Weiming Guo's ARIA project:SQL Queries over Python Objects using an Embedded Column-Based Relational Database
Modern data science applications require support for a variety of statistical operations, such as linear algebra. As traditional database engines are not equipped to support such operational primitives, the most common approach employed by data scientists is to export data outside of the database into a specialized statistical system that is tailored to support the data processing needs of the data scientists. This approach results in the duplication of data from a centralized database repository and various related overheads such as those involving data transfer. The database community has been trying to evolve the database capabilities to make in-database computation of data science workflows an attractive option.
A very recent initiative in this aspect is the AIDA data science framework that allows data scientists to write interactive Python based data analysis from their client-based computer workstations, which is transparently executed in a remote relational database management system (RDBMS) which holds the source data. AIDA’s server uses an embedded Python interpreter that resides inside the RDBMS to manage its computations. While internally, AIDA uses NumPy to perform statistical computations, it relies on the host RDBMS for relational (SQL) operations. Although the data structures used in statistical systems and a RDBMS are relatively similar, the fundamental differences in the data storage and processing needs of these systems mean they do not seamlessly integrate well with each other, requiring data format conversions between the systems. Existing research has shown that using databases that use columnar storage (each column stored as a separate array of its own) reduces the need for such conversions as the underlying data structures are very similar to that of the statistical systems. This summer, my research focused on exploring how these benefits offered by column-based databases could be leveraged for AIDA’s implementations on row-based databases such as PostgreSQL, where all the data for a record is stored continuously as a separate array and is therefore different from the storage format employed by the statistical systems.

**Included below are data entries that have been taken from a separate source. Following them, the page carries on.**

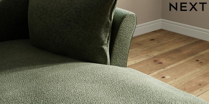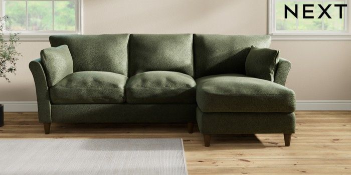 7.3.1 Buy Hartley Relaxed Sit Medium Sofa Chaise - Right Hand Boucle Chenille Dark Moss Green Low Conical - Mid from the Next UK online shop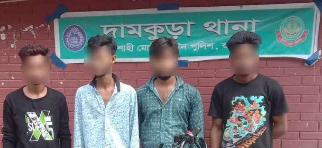 গ্রেপ্তারকৃত আসামিরা হলেন মো: বিশাল (২০), মো: তানজীম আহমেদ (২০), মো: নাঈম হোসেন (২০) ও মো: সাঈদ হাসান শান্ত (২১)। বিশাল রাজশাহী মহানগরীর কাশিয়াডাঙ্গা থানার হড়গ্রাম নতুনপাড়ার মো: রানার ছেলে, তানজীম একই থানার গোলজারবাগ গুড়িপাড়ার মো: ইলিয়াসের ছেলে, নাঈম হড়গ্রাম নতুনপাড়ার মো: রবিউল ইসলামের ছেলে, সাঈদ একই এলাকার মো: টুটুল শেখের ছেলে।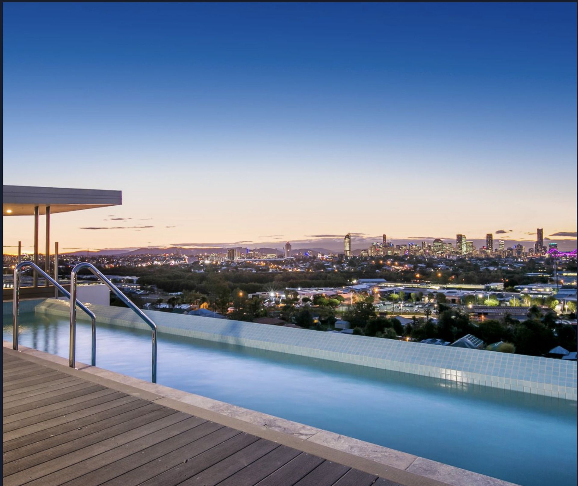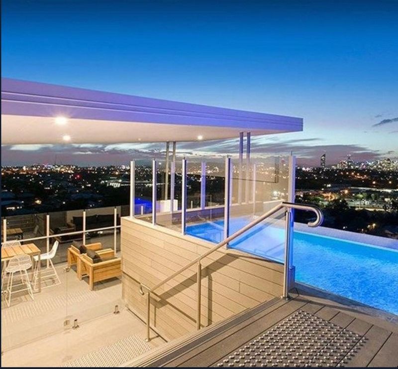 A very cool roof-top pool and entertainment area with spectacular views to the city.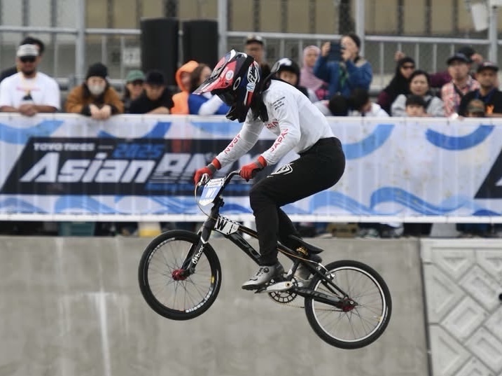本庄西中学校(本庄市千代田4)3年生でBMXレーシング選手の澤田茉奈さんが11月2日、名古屋で行われた「2025アジアBMXレーシング選手権」で2部門を制した。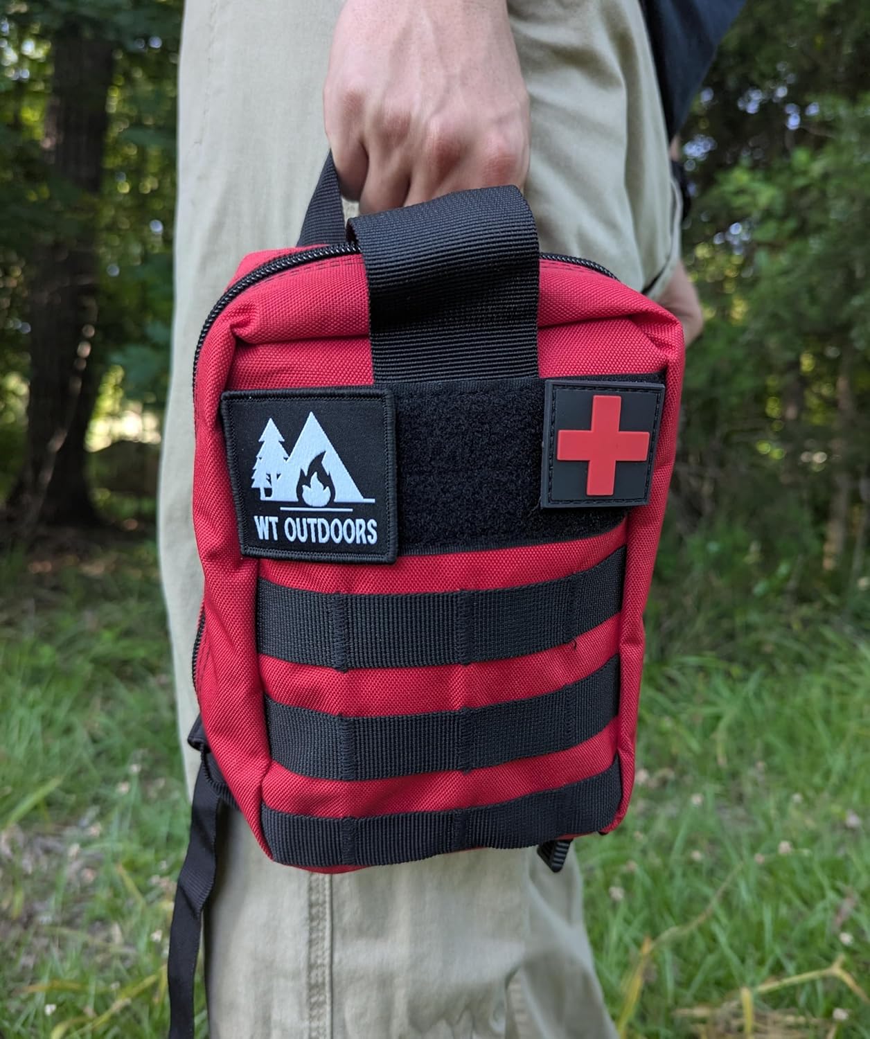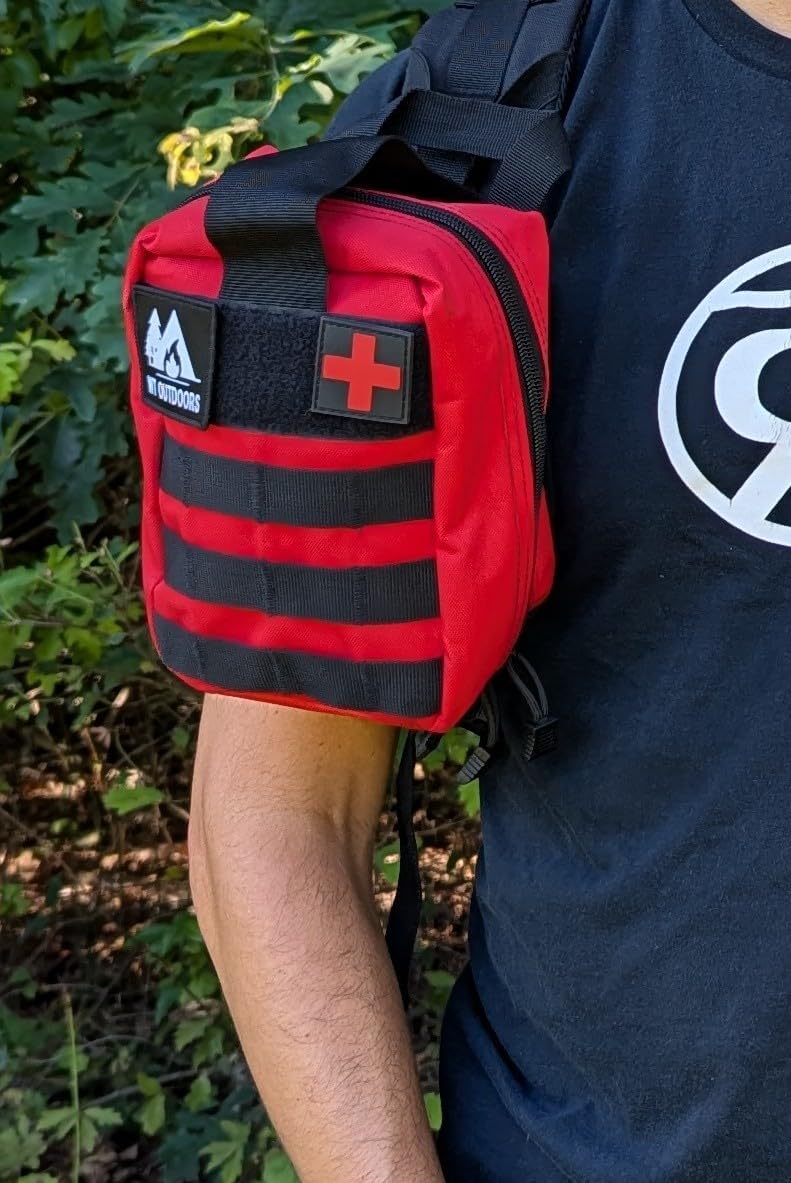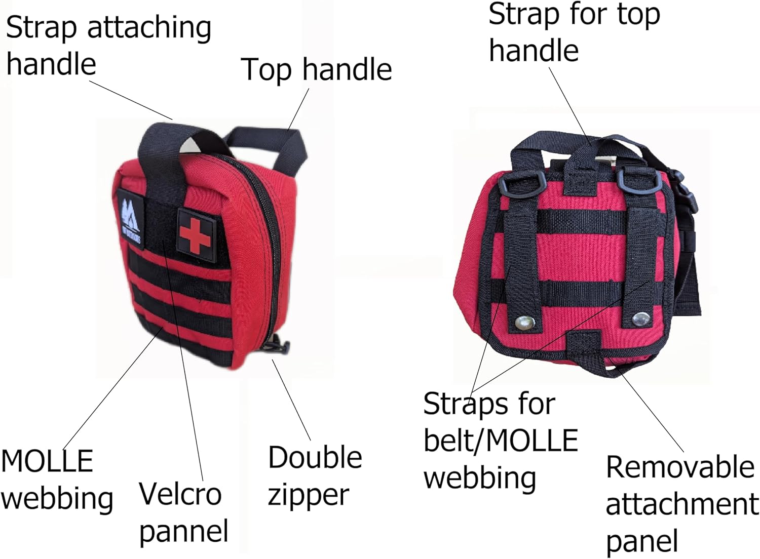 TACTICAL CONSTRUCTION: MOLLE compatible medical bag in red and black colorway, built with durable materials for field use and emergency situations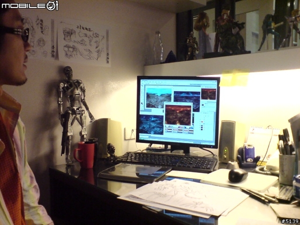 感觸的說著戰鬥場景常常因為大小限制而犧牲掉原先預訂套用的數張背景
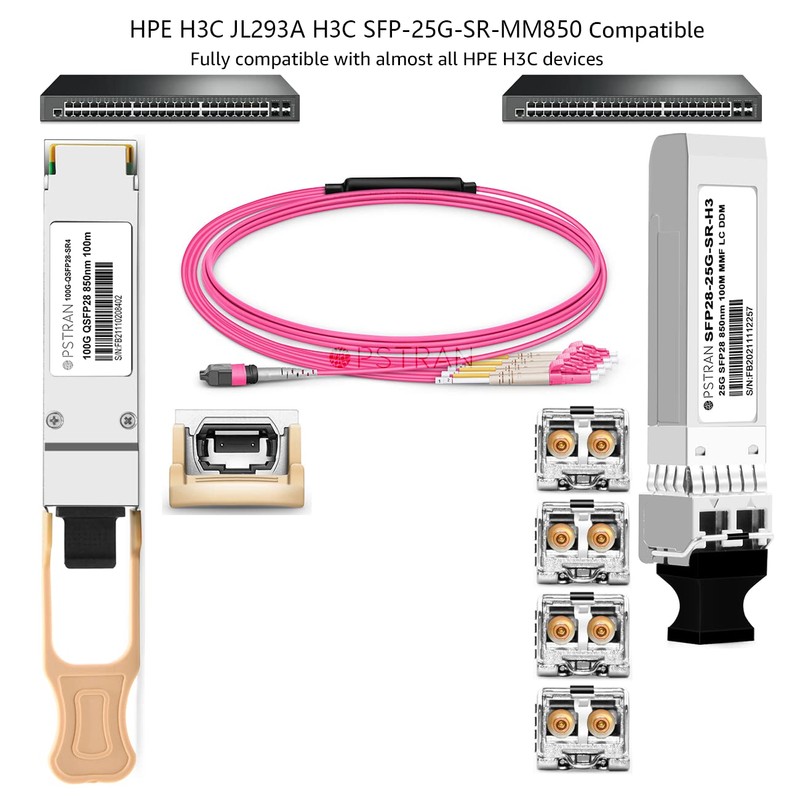OPSTRAN 25GBASE-SR SFP28 Optical Transceiver Module Compatible with HPE H3C JL293A SFP-25G-SR-MM850 25G SFP28 850nm 100m DOM Duplex LC MMF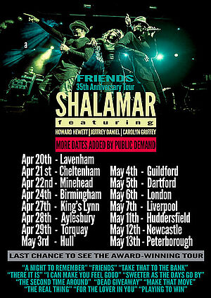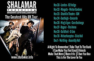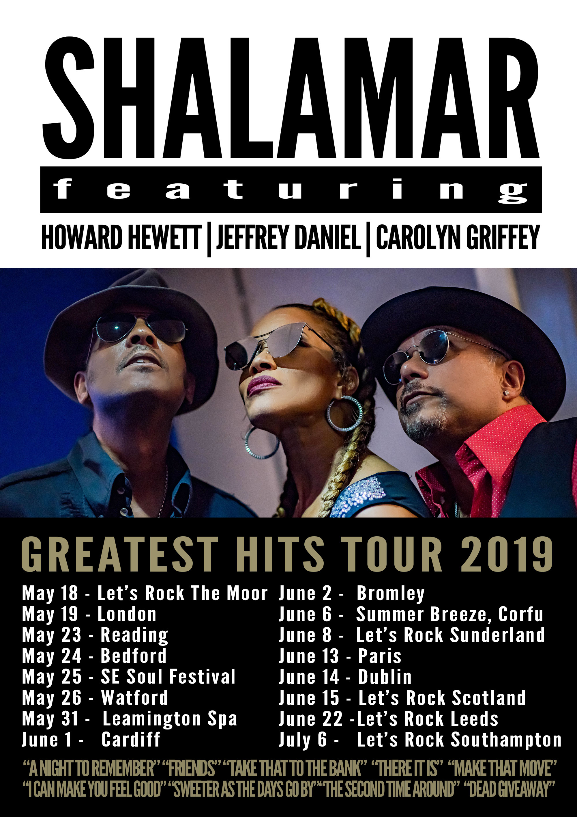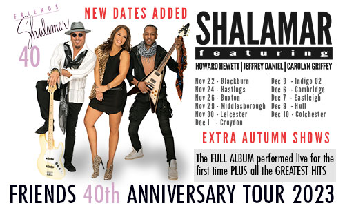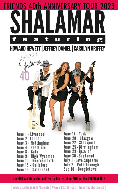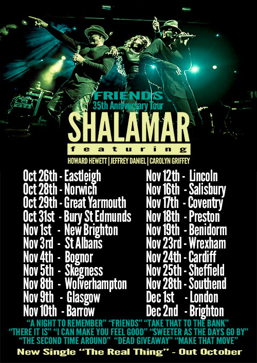 2025- Shalamar Live in Concert Buy Tickets from Venues - Click Here Current Events Wednesday June 4th – Utrecht - TivoliVredenburg Saturday June 7th – Maldon - Soultasia Festival Sunday June 22nd – Blenheim - Nocturne Festival Friday July 11th – Dreamland - Margate Summer Series Friday July 18th – Mallorca - Soul Town Festival Mallorca Saturday Sep 6th – Beckenham - Soul Town Festival Aug 9th – San Diego - Pachanga Casino Aug 22 - Virginia Beach - Funk Fest Beach Party Aug 28 - Washington DC - The Birchmere Aug 30 Chicago - Chicago Country Club 2024- Shalamar Live in Concert Thursday May 23rd – Amsterdam - Melkveg Friday May 31st – Stoke – Victoria Hall Saturday June 1st – Brighton – Brighton Centre Sunday June 2nd – Manchester – Bridgewater Hall Tuesday June 4th - Halifax – Victoria Theatre Thursday June 6th – Cardiff – New Theatre Friday June 7th - Derby - Arena Saturday June 8th – Bournemouth – Pavilion Theatre Sunday June 9th – London – Dominion Theatre Wednesday June 12th - Portsmouth – King’s Theatre Thurs June 13th St Albans – Alban Arena Friday June 14th – Birmingham – Symphony Hall Saturday June 15th – Bristol – Beacon Sunday June 16th – Southend - Cliffs Pavilion Thursday June 27th - Dartford – Orchard West Saturday June 29th – Edinburgh – Usher Hall Sun June 30 – Liverpool – M&S Bank Arena Saturday July 22 – Trinidad - More FM's 20th Anniversary Celebration & Music Festival Friday August 16th – Chicago IL - Horse Shoe Casino Hammond Ind. Saturday August 17th – Bethesda MD - Bethesda Jazz and Blues Club Saturday August 24th – Sacramento CA - Thunder Valley Casino Sacramento Thursday August 29th – Detroit MI - Sound Board at MotorCity Casino Hotel Saturday August 31st – Los Angeles CA - Sofi Stadium Live Nation Festival LA. Lineup may vary - please check venue website for up to date details. 2023 Shalamar - Live In Concert Sep 3 - Jersey Weekender Sep 10 - BoogieTown Festival Sep 17 - Radio 2 - In The Park Festival Sep 22 - Delicious Festival - Johannesburg Sep 22 - Soul Weekender Nov 22 - Blackburn - King Georges Hall Nov 24 - Hastings - Whiterock Theatre Nov 26 - Buxton - Opera House Nov 29 - Middlesborough - Town Hall Nov 30 - Leicester De Montfort Hall Dec 1 - Croydon - Fairfield Halls Dec 3 - London - Indigo at the O2 Dec 6 - Cambridge - Corn Exchange Dec 7 - Eastleigh - Concorde Club Dec 9 - Hull - City Hall June 1 - Liverpool - The Philharmonic Hall June 2 - London - The Palladium June 3 – Nottingham - Royal Concert Hall June 4 - Sheffield - City Hall June 8 - Bath - The Forum June 9 - High Wycombe - The Swan Theatre June 10 - Bournemouth - Pavilion June 15 - Guildford - GLive June 16 - Gateshead - The Sage June 17 - York - Barbican June 20 - Glasgow - Royal Concert Hall June 22 - Stockport - Plaza June 25 - Birmingham - Symphony Hall June 29 - Ipswich - Regent Theatre June 30 - Southend - Cliffs Pavilion July 1 - Love Supreme Festival July 2 - Peterborough - New Theatre Dec 10 - Colchester - Charter Hall 2022- Shalamar Live in Concert May 27 - Northampton - Royal & Derngate- May 29 - Liverpool - The Philharmonic Hall May 30 - Faros - Portugal Weekender June 1 - Manchester - The Bridgewater Hall June 2 - London - The Palladium June 3 - Cardiff - St Davids Hall June 4 - Eastleigh - The Concorder Club June 5 - Dartford - The Orchard Theatre June 7 – Nottingham - Royal Concert Hall June 8 - St Albans - The Alban Arena June 10 - Colchester - Charter Hall June 11 - Leeds - O2 Academy June 15 - The Jam House - Birmingham June 17 - Soultasia - Maldon June 18 - Croyden - Fairfield Hall June 11 - The O2 Academy - Leeds July 23 - Solihull Festival July 24 - Rewind Scotland July 31 - South Tyneside festival Aug 6 - Soultasia - Windsor 2021- Shalamar Live in Concert Aug 28 - Happy Days Festival Aug 29 - Blackburn - King Georges Hall Sep 3 - Boston - Gliderdrome Sep 4 - Soul Town Festival Sep 9 – Portsmouth - Guildhall Sep 10 Bath - The Forum Sep 11 – Orrell Live Sep 12 - The Cambridge Club - Cambridge Sep 14 – Hastings - The White Rock Theatre 2019 - Shalamar Live in Concert 2019 - Past DatesMarch 29th - Maputo May 18th - Let's Rock - The Moor May 19th - The Aldwych - London May 23rd - The Hexagon - Reading May 24th - The Corn Exchange Bedford May 25th - The South East Soul Festival - Southend May 26th - The Colloseum - Watford May 31st - The Assembly - Leamington Spa June 1st - The Tramshed - Cardiff June 2nd - The Churchill Theatre - Bromley June 6th - Festival - Summer Breeze June 8th - Let's Rock - The North East June 13th - Paris June 14th - Vicar Street - Dublin June 15th - Let's Rock - Scotland June 22nd - Let's Rock - Leeds July 6th - Let's Rock - Southampton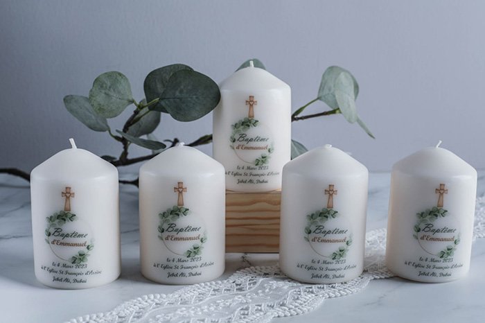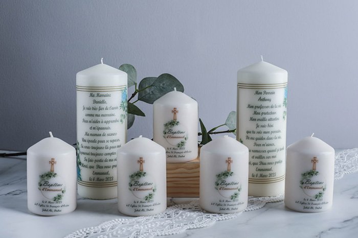 Set of 7 pieces of printed candles ( made of natural soya wax).

As a computer science major junior with a particular interest in database and data science, I was immediately drawn to the research “SQL Queries over Python Object Using an Embedded Column-based Relational Database.” When I first saw the post on MyCourses, I was attracted by the design of the AIDA framework, which allows data scientists to write interactive Python based data analysis from client-based computer workstations, but transparently shifts the computation to a remote relational database management system (RDBMS), performing them near-data. Moreover, I was excited by the goal of the research: to reduce the cost of data format conversions between statistical systems and RDBMS, thus improving the efficiency of data processing. In addition, I was a junior student who had never conducted research. I hoped that helping Dr. Joseph D’silva with his research would increase my interest in research as well as aid in making decisions about my future education and career.
There were many highlights of my research in this summer. At first, I was entirely new to Python, which was the AIDA framework's primary language. With the previous experience of learning Java, I spent only two weeks learning Python, and then I spent only one week to understand the implementation of AIDA framework, which was an outstanding achievement for me. Moreover, I also learned many debug methods and Linux commands with the help of Prof. Dsilva. During the research, I was constantly motivated to acquire new skills and apply them in practice, which helped me make rapid progress with my academic studies.
The biggest challenge I faced this summer was failing to implement my initial approach, which was to embed a columnar database to AIDA framework. The high-level idea was to use this embedded database for queries on data that had been materialized in the statistical system, as this would reduce the need for data conversion costs associated with passing it to the host database. However, the embedded columnar database did not integrate well with PostgreSQL when I initialized it inside AIDA framework. As such, I decided to try another approach, which was to create two AIDA servers for both MonetDB and PostgreSQL and use MonetDB AIDA for queries over materialized data. Eventually, the second approach was implemented successfully.
It is my great honour to be selected as one of the 2020 ARIA scholarship recipients at 山ǿ. I would like to thank Mr. Harry Samuel for his generosity and investment in my future. Thanks to his scholarship, I have had the opportunity to learn about the workflow of research and acquire many research skills, which makes me more convinced that I want to attend graduate school to broaden my knowledge and undertake more academic achievements.